TASK INSTRUCTIONS:
Every record below should be repeated exactly, with the pictures left out.

RECORDS SUPPLIED:
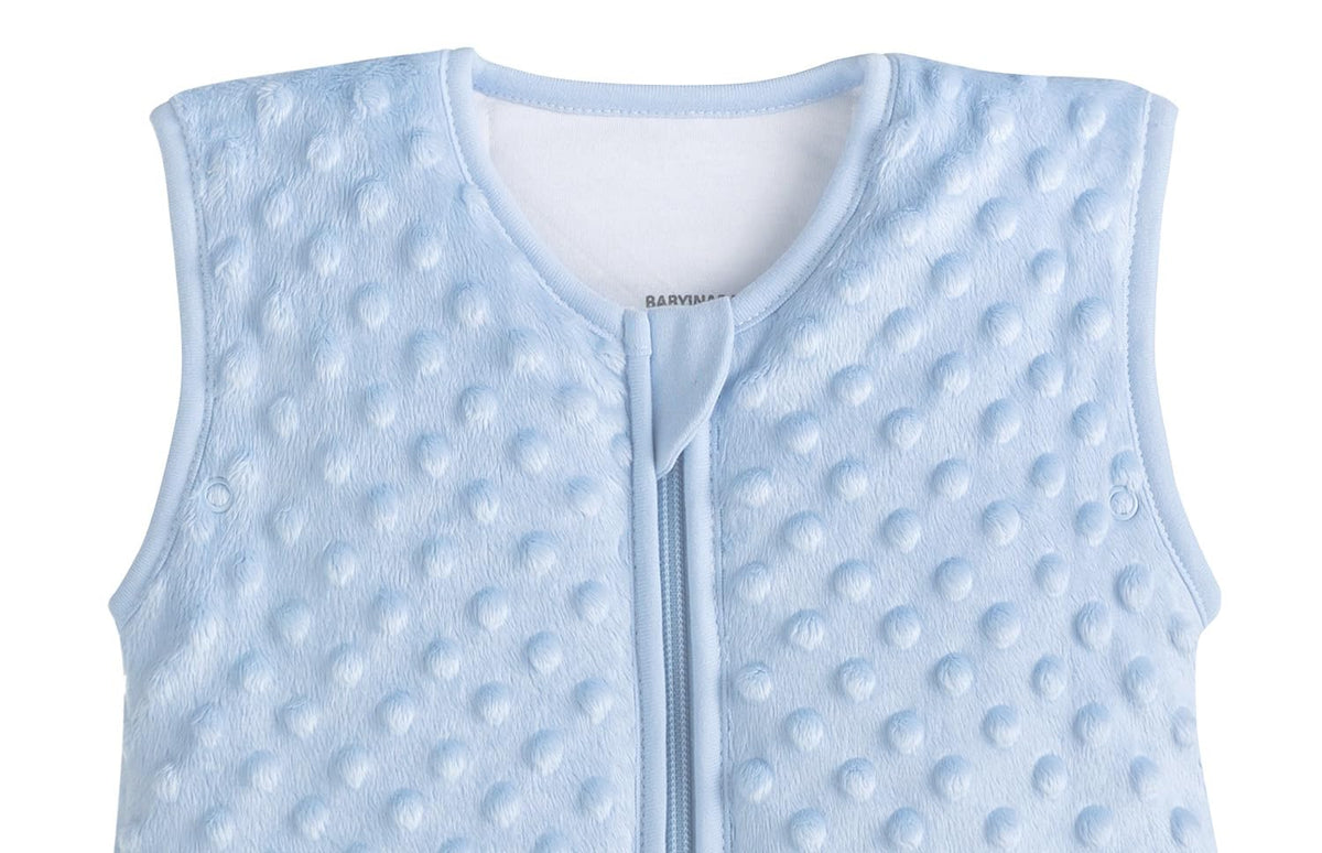 Introducing the BABYINABAG Summer Model Baby Sleeping Bag and Sack, designed with plush Minky Dot fabric to provide a cozy and safe sleep environment for infants and toddlers. The 1.25 Tog rating ensures optimal comfort throughout the night.
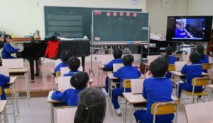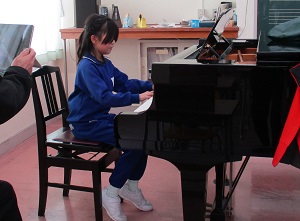 2曲目は、3年児童によるピアノ独奏で、オースティン作曲の「お人形の夢と目覚め」でした。演奏前に「間違えないようにしたい」と話していた児童は、腕全体に無駄な力が入っておらず、柔らかくきれいに響く音色で丁寧に弾いていました。鍵盤を弾く様子が映し出された大型ディスプレイを見ながら聴いている児童もいました。演奏後には、聴きに来ていた児童から温かい拍手が送られ、演奏した児童は「これからは、もっと難しい曲を弾きたい」と意欲をみせていました。
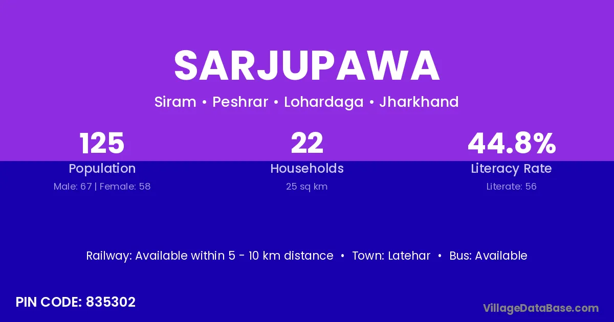 Sarjupawa village has a total population of 125 people, of which 67 are males and 58 are females.
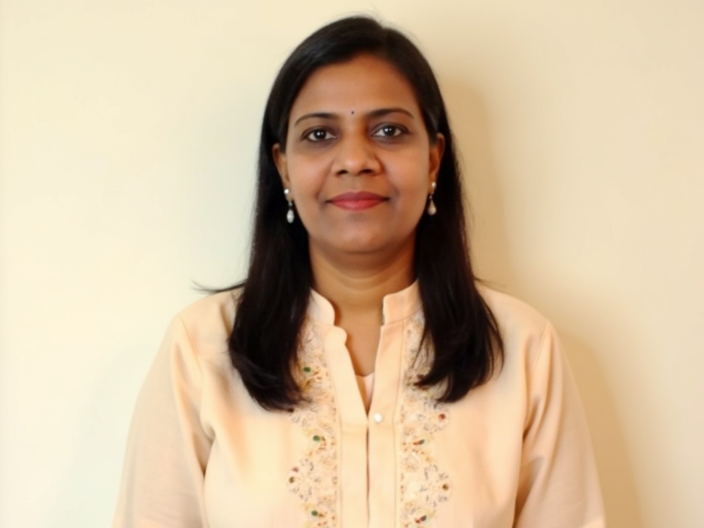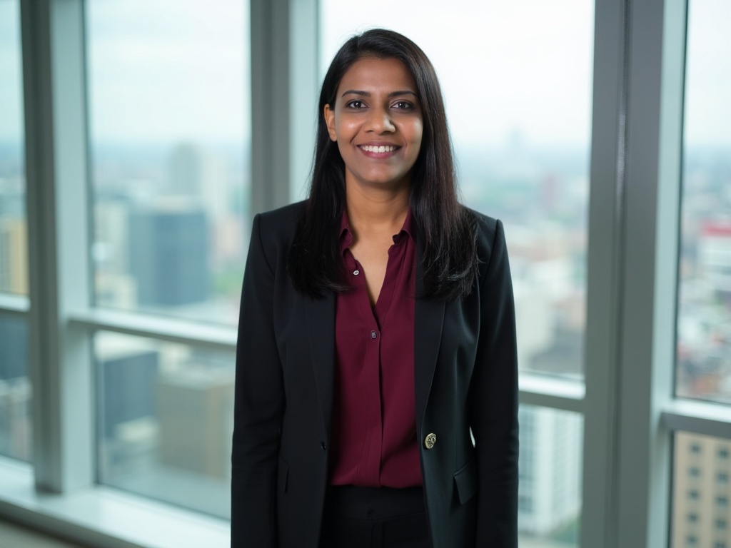 A professional Indian woman in a fitted black blazer and maroon top, standing in front of large wind...
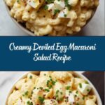 This Creamy Deviled Egg Macaroni Salad combines tender elbow macaroni with chopped hard-boiled eggs and a flavorful, creamy dressing. Enhanced by dill pickle relish, celery, and red onion, it’s a perfect dish for picnics, potlucks, or a satisfying side on warm days. The salad is chilled to meld the flavors beautifully, offering a classic twist on traditional macaroni salad with a deviled egg-inspired kick.
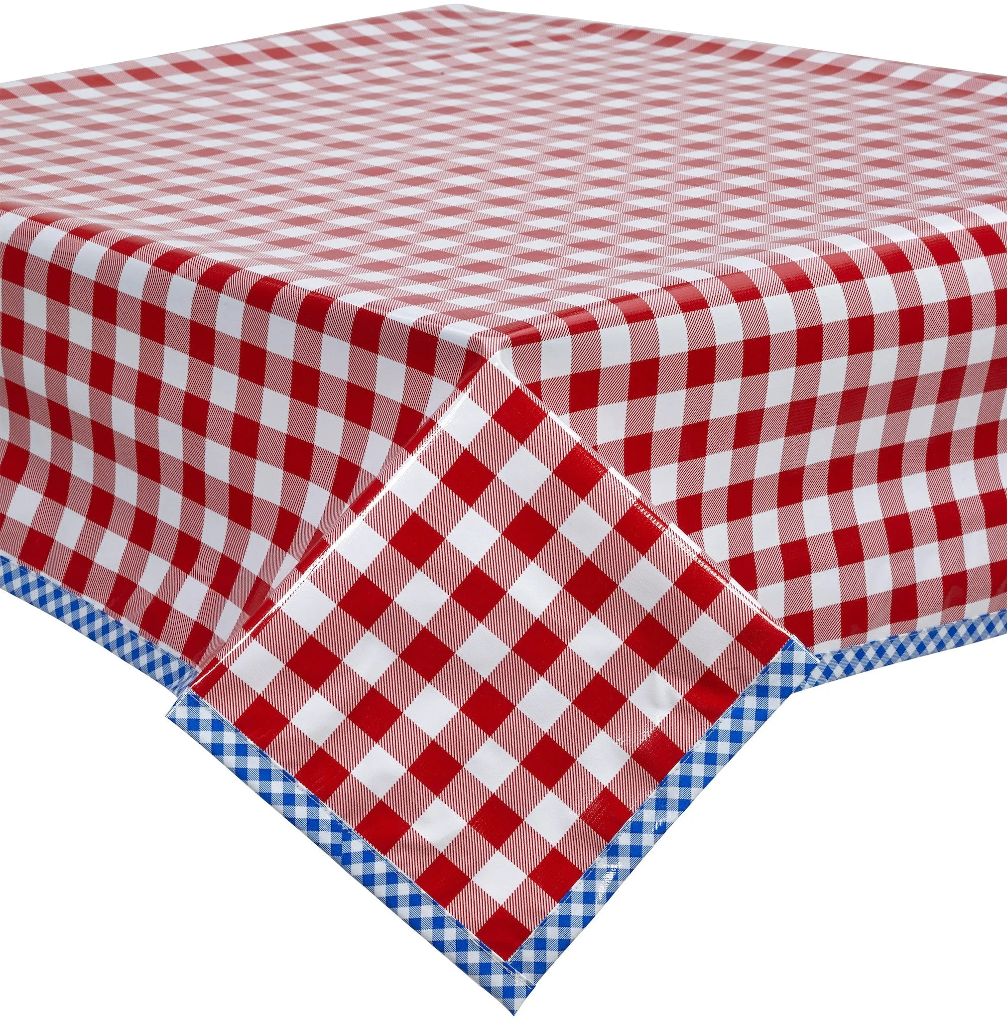These square and rectangular tablecloths are finished with gingham trim, which is also oilcloth.
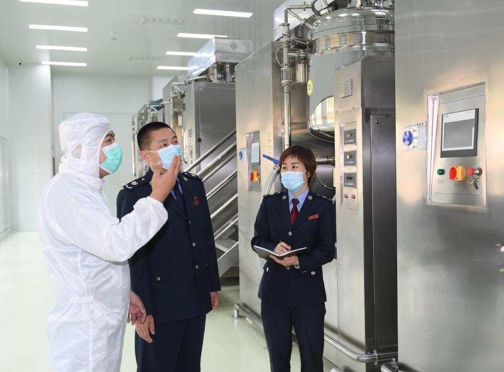 在湖州市吳興區埭溪鎮“美妝小鎮”內的一家化妝品生產(chǎn)企業(yè),吳興區稅務(wù)局工作人員在車(chē)間了解生產(chǎn)情況,為企業(yè)辦理出口退稅進(jìn)行上門(mén)輔導。新華社記者 翁忻旸 攝
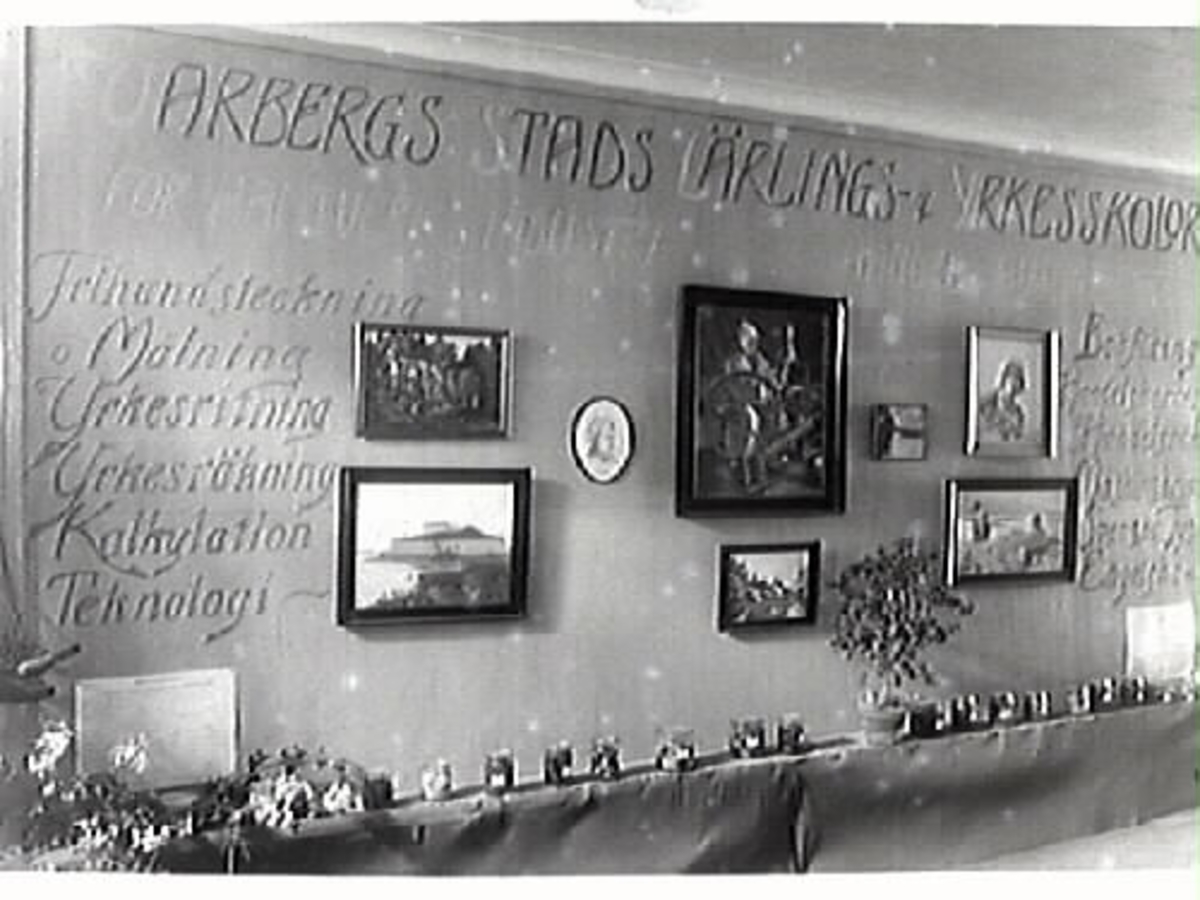 Utställningsskärm som marknadsför Varbergs yrkesskola. Bilden tagen vid Hantverksmässan i Varberg 1927, i Gamlebyskolan.

EXERCISE ANSWER:
 Introducing the BABYINABAG Summer Model Baby Sleeping Bag and Sack, designed with plush Minky Dot fabric to provide a cozy and safe sleep environment for infants and toddlers. The 1.25 Tog rating ensures optimal comfort throughout the night.
 2曲目は、3年児童によるピアノ独奏で、オースティン作曲の「お人形の夢と目覚め」でした。演奏前に「間違えないようにしたい」と話していた児童は、腕全体に無駄な力が入っておらず、柔らかくきれいに響く音色で丁寧に弾いていました。鍵盤を弾く様子が映し出された大型ディスプレイを見ながら聴いている児童もいました。演奏後には、聴きに来ていた児童から温かい拍手が送られ、演奏した児童は「これからは、もっと難しい曲を弾きたい」と意欲をみせていました。
 Sarjupawa village has a total population of 125 people, of which 67 are males and 58 are females.
 A professional Indian woman in a fitted black blazer and maroon top, standing in front of large wind...
 This Creamy Deviled Egg Macaroni Salad combines tender elbow macaroni with chopped hard-boiled eggs and a flavorful, creamy dressing. Enhanced by dill pickle relish, celery, and red onion, it’s a perfect dish for picnics, potlucks, or a satisfying side on warm days. The salad is chilled to meld the flavors beautifully, offering a classic twist on traditional macaroni salad with a deviled egg-inspired kick.
These square and rectangular tablecloths are finished with gingham trim, which is also oilcloth.
 在湖州市吳興區埭溪鎮“美妝小鎮”內的一家化妝品生產(chǎn)企業(yè),吳興區稅務(wù)局工作人員在車(chē)間了解生產(chǎn)情況,為企業(yè)辦理出口退稅進(jìn)行上門(mén)輔導。新華社記者 翁忻旸 攝
 Utställningsskärm som marknadsför Varbergs yrkesskola. Bilden tagen vid Hantverksmässan i Varberg 1927, i Gamlebyskolan.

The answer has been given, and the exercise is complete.